◆ **What the exercise asks**
Copy each entry below unchanged; the images do not go in the copy.

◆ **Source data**
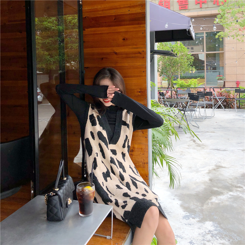 / 秋冬時尚女裝新款韓版chic慵懶風寬松百搭豹紋V領中長款針織馬甲
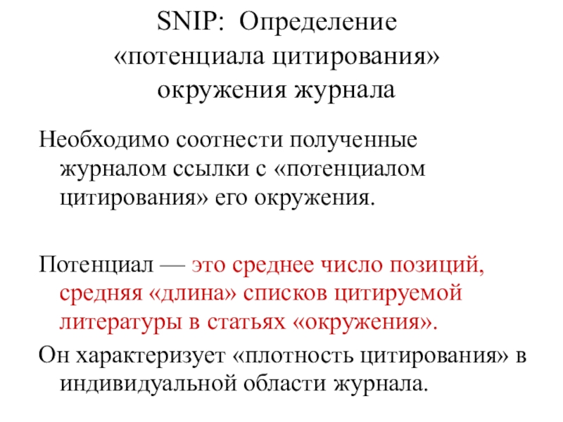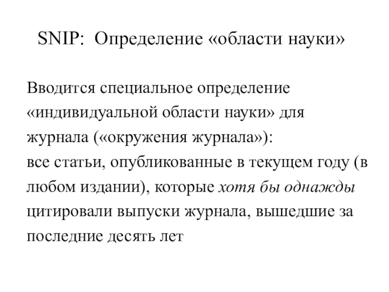 Слайд 11Вводится специальное определение «индивидуальной области науки» для журнала («окружения журнала»):
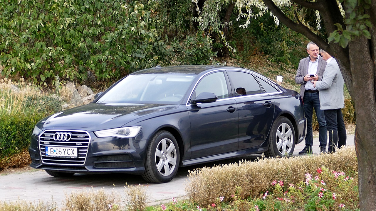 Un Audi A6 3.0 TFSI, penultima generație, de 333 CP cu tracțiune integrală, ca antemergător (vedeți lămpile stroboscopice albastre din grilă).
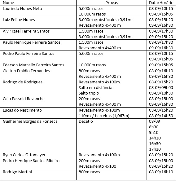 Confira os horários em que os atletas caçadorenses estarão competindo e prestigie:
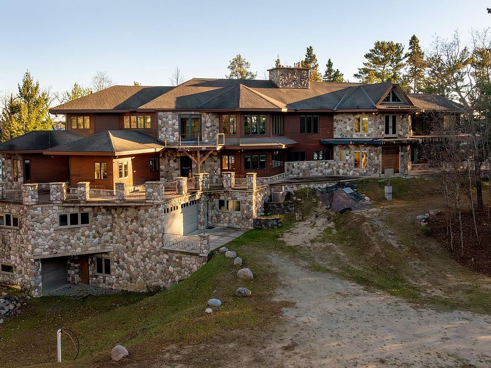 Discover a once-in-a-life opportunity on Ten Mile Lake, one of Minnesota’s most pristine and sought-after lakes. This extraordinary 14,000+ sq. ft. lakefront estate is ready for completion to your exact vision with a commercial-grade steel and concrete structure, engineered for durability and designed for elegance. Nestled on 4.3 wooded acres with 466+ feet of hard-bottom shoreline, the property combines privacy, architectural grandeur with an unparalleled natural setting. The groundwork, foundation, and structure are complete, a significant head start for anyone seeking to create a world-class home without years of planning and permitting. With Ten Mile Lake’s crystal-clear waters, exceptional fishing, and proximity to Hackensack, Longville, Walker and Leech Lake, this property offers a rare blend of opportunity, privacy, and prestige. The exterior showcases hand-cut shakes, stone accents, and several decks for outdoor entertaining and beautiful lake views. Inside, the infrastructure is already in place, including spray foam insulation, in-floor hydronic heating throughout, and a high-efficiency boiler system with off-peak electric service. A commercial elevator provides access to all four levels, while a service lift delivers firewood to any of the wood-burning fireplaces throughout the home. This property offers unmatched versatility, it could serve as a private family estate, a corporate retreat, a luxury VRBO or even a recovery and wellness center, offering tranquility and inspiration in a serene lakeside setting. With the home unfinished, the new owner has the freedom to customize every finish, layout, and design element to suit their vision. The main level was envisioned with a grand owner’s suite featuring a fireplace, dual bathrooms, walk in closet, lake-view walkouts, and plumbing for a sunken tub with breathtaking views of both the lake and woods. The kitchen area is designed to host a large island, food prep station, and even a wood-fired pizza oven built into the central stone fireplace, an inviting centerpiece for family and guests. A spacious dining area, powder room, dog wash station, and guest entrance with private garage parking and a covered grand entrance complete this level. The upper level was designed for flexible living, including multiple bedrooms with private bathrooms, offices, and hobby spaces. Other thoughtful details include a entertainment area, wet bar, movie area, and space for a game room or workout room, making this home ideal for entertaining and family gatherings. The lower-levels features over 4,000 sq ft of garage space, shop area, recreational area, underground garage features a convenient drive-through design, ideal for snowmobiles, boats, UTVs or recreational storage, perfect for year-round Minnesota adventures. An air compressor system connects to both garages for workshop projects or equipment maintenance. Because the home remains unfinished, it presents a rare chance to customize every finish and design element to your exact style, modern, rustic, or traditional. Every system and structure has been built for longevity and performance, awaiting your final creative touch. Ten Mile Lake spans over 5,000 acres and reaches depths of 208 feet, earning a reputation as one of Minnesota’s clearest, deepest, and most sought-after lakes. Fed by natural springs, it offers exceptional water quality, fishing, and boating. Also, known for its outstanding fishing, walleye, pike, bass and panfish await. Located near Hackensack and Walker, you’re close to charming restaurants, boutique shopping, and year-round recreation. This is a once-in-a-lifetime opportunity to bring your vision to life, crafting a masterpiece estate that blends luxury, craftsmanship, and the timeless beauty of Ten Mile Lake. Bring your vision, builder, and imagination, and make this remarkable estate your legacy.
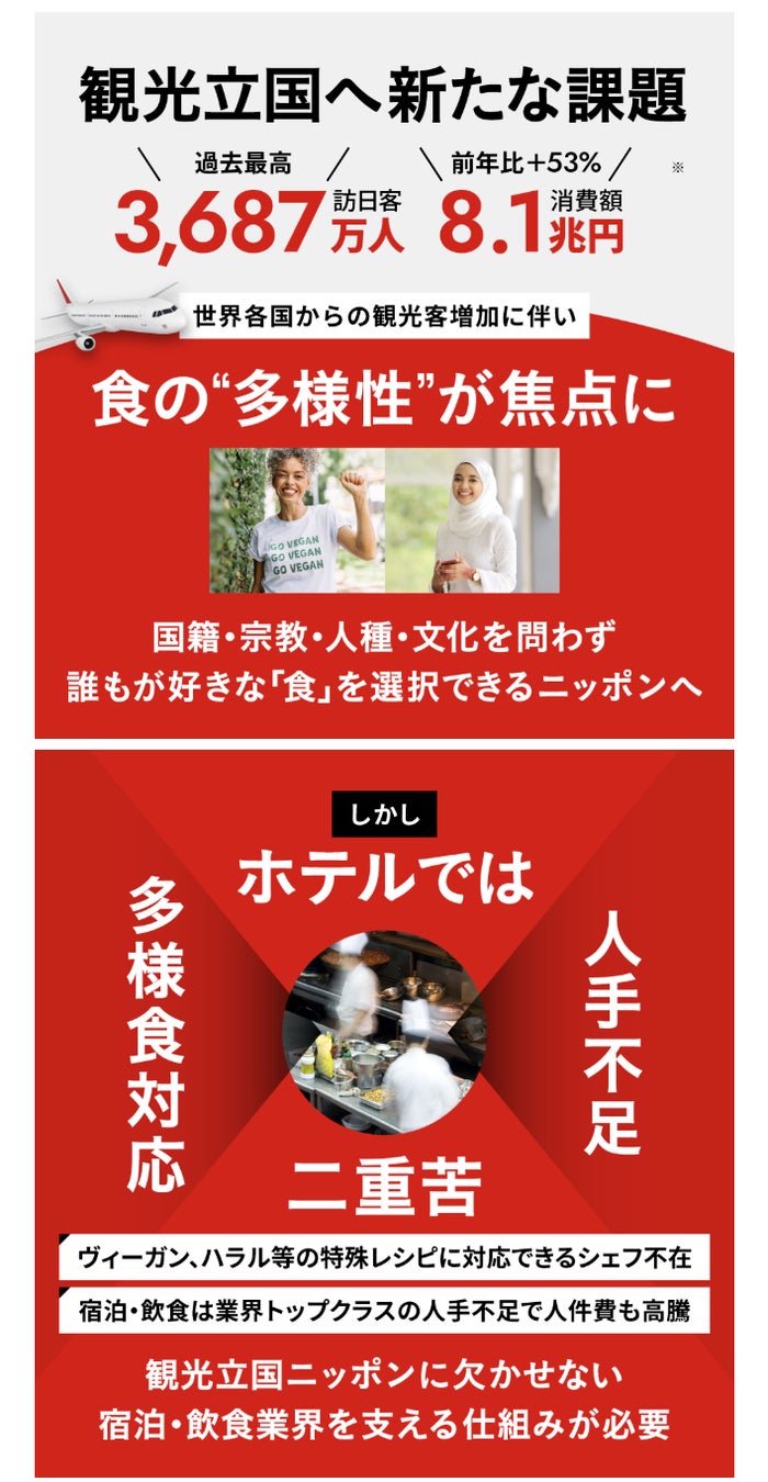 「私たちのソリューションは、単にホテル業界の人手不足や多様食対応の課題を解決するだけではありません。それは、日本の強みである『おもてなし』の心を、食の制約がある方々にも届けることで、より深い感動体験を提供するものです。
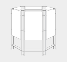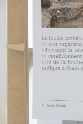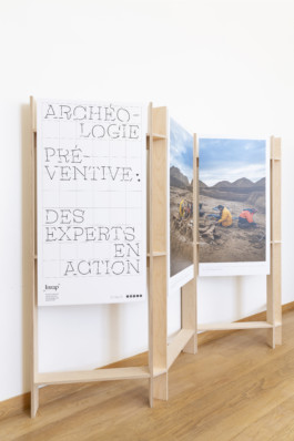 Self-supporting and modular, the Archéokiosque is designed to be deployed indoors. Its basic component is a lightweight picture rail, birch plywood ladder to which a printed support is attached. Based on this simple assembly principle, three configurations are possible: the folding screen, the tripod and the hexagon.
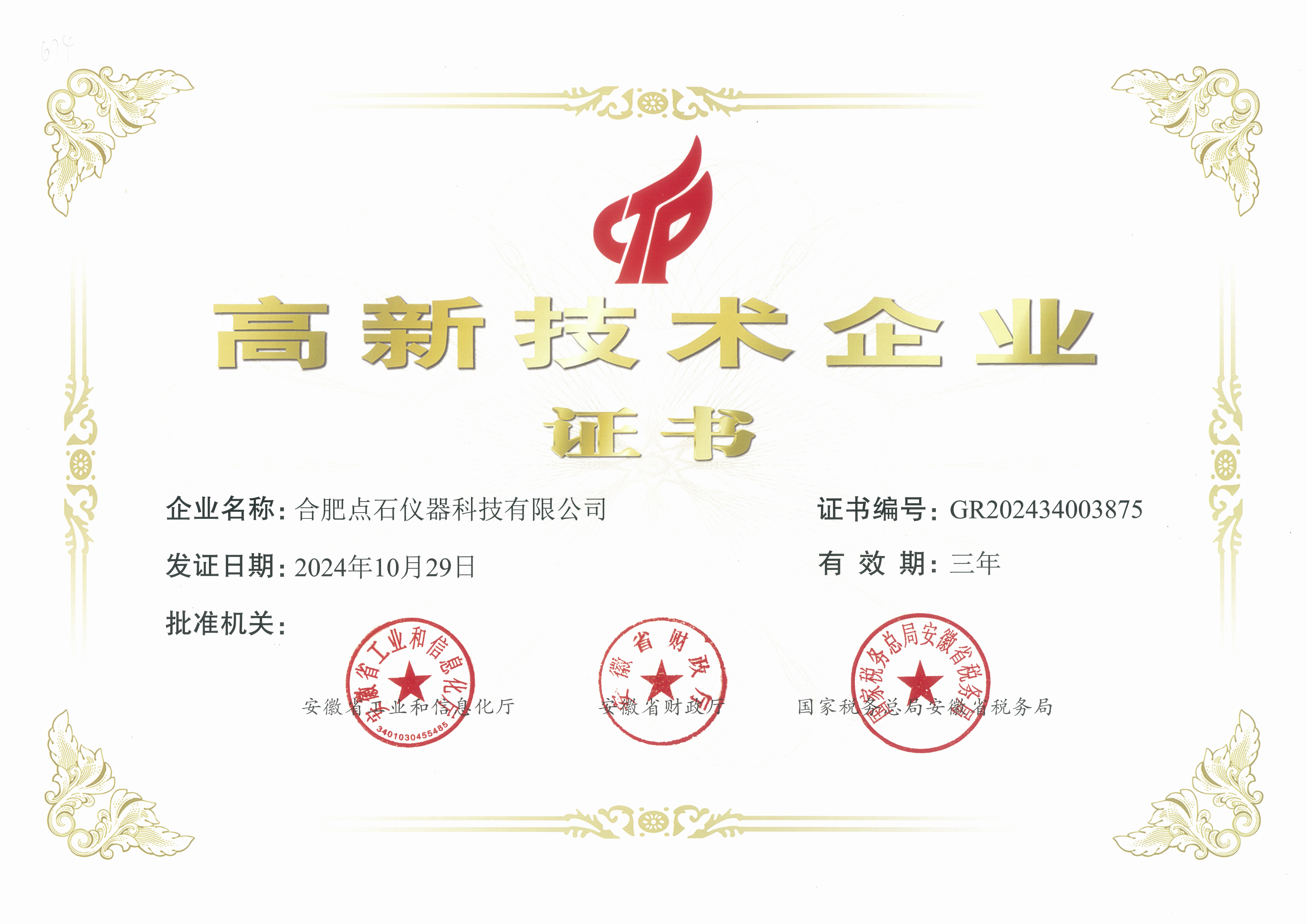 点石仪器再获高企认证,是公司发展历程中的重要里程碑。此次成功通过认证复审不仅是对公司过往努力的肯定,更是开启未来发展新篇的钥匙。未来,点石仪器将继续专注科研仪器领域,大力推动前沿技术的产业化应用,让更多先进技术落地,服务科研与生产实践。同时,我们将积极开拓新市场,拓展业务领域,为科研工作者提供更全面、更优质的解决方案,持续攀登发展新高峰!
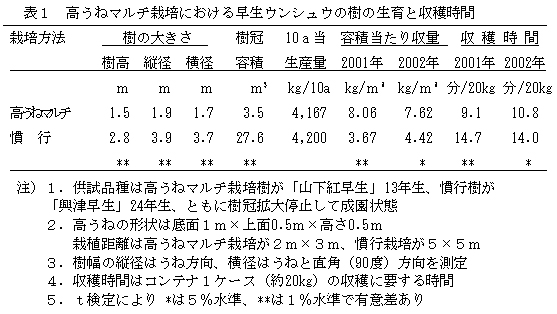 高うねマルチ栽培樹の大きさは、慣行樹に比べて有意に小さく、10a当たり収量は変わらないものの、容積当たり収量は多くなる上、収穫時間は短縮する(表1)。
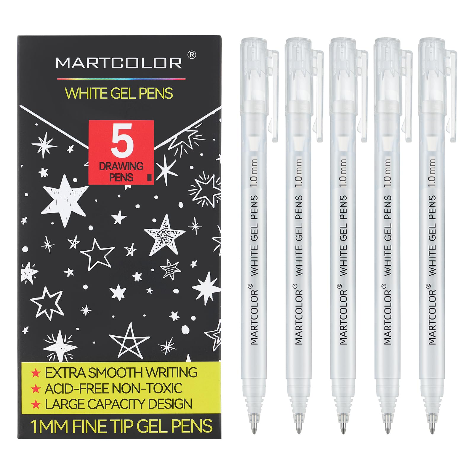 MARTCOLOR White Gel Pens, 5 Pack, 1 mm Extra Fine 1 Count (Pack of 5),
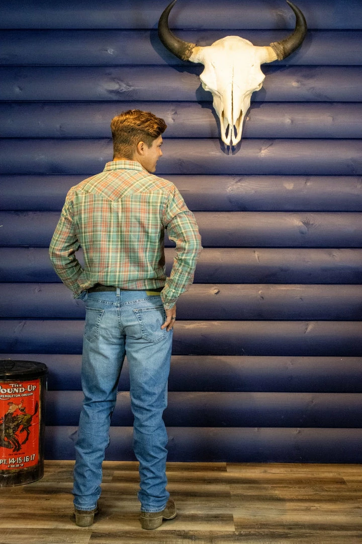 The Graduate Tailored Leg Jean for men features a lived in blue denim wash with placement fading and 3D whiskering, a slim mid rise waist, and a relaxed fit at the hip to the knee before tapering at the leg opening. ย This menโs slim straight jean is designed in a midweight denim blend with added stretch for a classic, structured feel with comfortable wear.
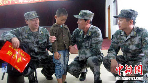 師長張寶軍說,救下男孩后,部隊忙于救人,與男孩失去聯(lián)絡。這段時間以來,張寶軍對男孩極為牽掛,他希望找到這個“光屁股”孤兒,了卻一樁心愿。8月22日上午10時,在旺起鎮(zhèn)小學,張寶軍終于見到了“光屁股”男孩張官博,他輕輕將男孩抱起,告訴他要堅強,要樂觀,要好好生活!拔視詡人的名義,一直資助你上大學,你記住爺爺?shù)脑,要堅強!睆垖氒娧劬駶,卻堅定的看著“光屁股”男孩。(完)

◆ **Result**
 / 秋冬時尚女裝新款韓版chic慵懶風寬松百搭豹紋V領中長款針織馬甲
 Слайд 11Вводится специальное определение «индивидуальной области науки» для журнала («окружения журнала»):
 Un Audi A6 3.0 TFSI, penultima generație, de 333 CP cu tracțiune integrală, ca antemergător (vedeți lămpile stroboscopice albastre din grilă).
 Confira os horários em que os atletas caçadorenses estarão competindo e prestigie:
 Discover a once-in-a-life opportunity on Ten Mile Lake, one of Minnesota’s most pristine and sought-after lakes. This extraordinary 14,000+ sq. ft. lakefront estate is ready for completion to your exact vision with a commercial-grade steel and concrete structure, engineered for durability and designed for elegance. Nestled on 4.3 wooded acres with 466+ feet of hard-bottom shoreline, the property combines privacy, architectural grandeur with an unparalleled natural setting. The groundwork, foundation, and structure are complete, a significant head start for anyone seeking to create a world-class home without years of planning and permitting. With Ten Mile Lake’s crystal-clear waters, exceptional fishing, and proximity to Hackensack, Longville, Walker and Leech Lake, this property offers a rare blend of opportunity, privacy, and prestige. The exterior showcases hand-cut shakes, stone accents, and several decks for outdoor entertaining and beautiful lake views. Inside, the infrastructure is already in place, including spray foam insulation, in-floor hydronic heating throughout, and a high-efficiency boiler system with off-peak electric service. A commercial elevator provides access to all four levels, while a service lift delivers firewood to any of the wood-burning fireplaces throughout the home. This property offers unmatched versatility, it could serve as a private family estate, a corporate retreat, a luxury VRBO or even a recovery and wellness center, offering tranquility and inspiration in a serene lakeside setting. With the home unfinished, the new owner has the freedom to customize every finish, layout, and design element to suit their vision. The main level was envisioned with a grand owner’s suite featuring a fireplace, dual bathrooms, walk in closet, lake-view walkouts, and plumbing for a sunken tub with breathtaking views of both the lake and woods. The kitchen area is designed to host a large island, food prep station, and even a wood-fired pizza oven built into the central stone fireplace, an inviting centerpiece for family and guests. A spacious dining area, powder room, dog wash station, and guest entrance with private garage parking and a covered grand entrance complete this level. The upper level was designed for flexible living, including multiple bedrooms with private bathrooms, offices, and hobby spaces. Other thoughtful details include a entertainment area, wet bar, movie area, and space for a game room or workout room, making this home ideal for entertaining and family gatherings. The lower-levels features over 4,000 sq ft of garage space, shop area, recreational area, underground garage features a convenient drive-through design, ideal for snowmobiles, boats, UTVs or recreational storage, perfect for year-round Minnesota adventures. An air compressor system connects to both garages for workshop projects or equipment maintenance. Because the home remains unfinished, it presents a rare chance to customize every finish and design element to your exact style, modern, rustic, or traditional. Every system and structure has been built for longevity and performance, awaiting your final creative touch. Ten Mile Lake spans over 5,000 acres and reaches depths of 208 feet, earning a reputation as one of Minnesota’s clearest, deepest, and most sought-after lakes. Fed by natural springs, it offers exceptional water quality, fishing, and boating. Also, known for its outstanding fishing, walleye, pike, bass and panfish await. Located near Hackensack and Walker, you’re close to charming restaurants, boutique shopping, and year-round recreation. This is a once-in-a-lifetime opportunity to bring your vision to life, crafting a masterpiece estate that blends luxury, craftsmanship, and the timeless beauty of Ten Mile Lake. Bring your vision, builder, and imagination, and make this remarkable estate your legacy.
 「私たちのソリューションは、単にホテル業界の人手不足や多様食対応の課題を解決するだけではありません。それは、日本の強みである『おもてなし』の心を、食の制約がある方々にも届けることで、より深い感動体験を提供するものです。
 Self-supporting and modular, the Archéokiosque is designed to be deployed indoors. Its basic component is a lightweight picture rail, birch plywood ladder to which a printed support is attached. Based on this simple assembly principle, three configurations are possible: the folding screen, the tripod and the hexagon.
 点石仪器再获高企认证,是公司发展历程中的重要里程碑。此次成功通过认证复审不仅是对公司过往努力的肯定,更是开启未来发展新篇的钥匙。未来,点石仪器将继续专注科研仪器领域,大力推动前沿技术的产业化应用,让更多先进技术落地,服务科研与生产实践。同时,我们将积极开拓新市场,拓展业务领域,为科研工作者提供更全面、更优质的解决方案,持续攀登发展新高峰!
 高うねマルチ栽培樹の大きさは、慣行樹に比べて有意に小さく、10a当たり収量は変わらないものの、容積当たり収量は多くなる上、収穫時間は短縮する(表1)。
 MARTCOLOR White Gel Pens, 5 Pack, 1 mm Extra Fine 1 Count (Pack of 5),
 The Graduate Tailored Leg Jean for men features a lived in blue denim wash with placement fading and 3D whiskering, a slim mid rise waist, and a relaxed fit at the hip to the knee before tapering at the leg opening. ย This menโs slim straight jean is designed in a midweight denim blend with added stretch for a classic, structured feel with comfortable wear.
 師長張寶軍說,救下男孩后,部隊忙于救人,與男孩失去聯(lián)絡。這段時間以來,張寶軍對男孩極為牽掛,他希望找到這個“光屁股”孤兒,了卻一樁心愿。8月22日上午10時,在旺起鎮(zhèn)小學,張寶軍終于見到了“光屁股”男孩張官博,他輕輕將男孩抱起,告訴他要堅強,要樂觀,要好好生活!拔視詡人的名義,一直資助你上大學,你記住爺爺?shù)脑,要堅強!睆垖氒娧劬駶,卻堅定的看著“光屁股”男孩。(完)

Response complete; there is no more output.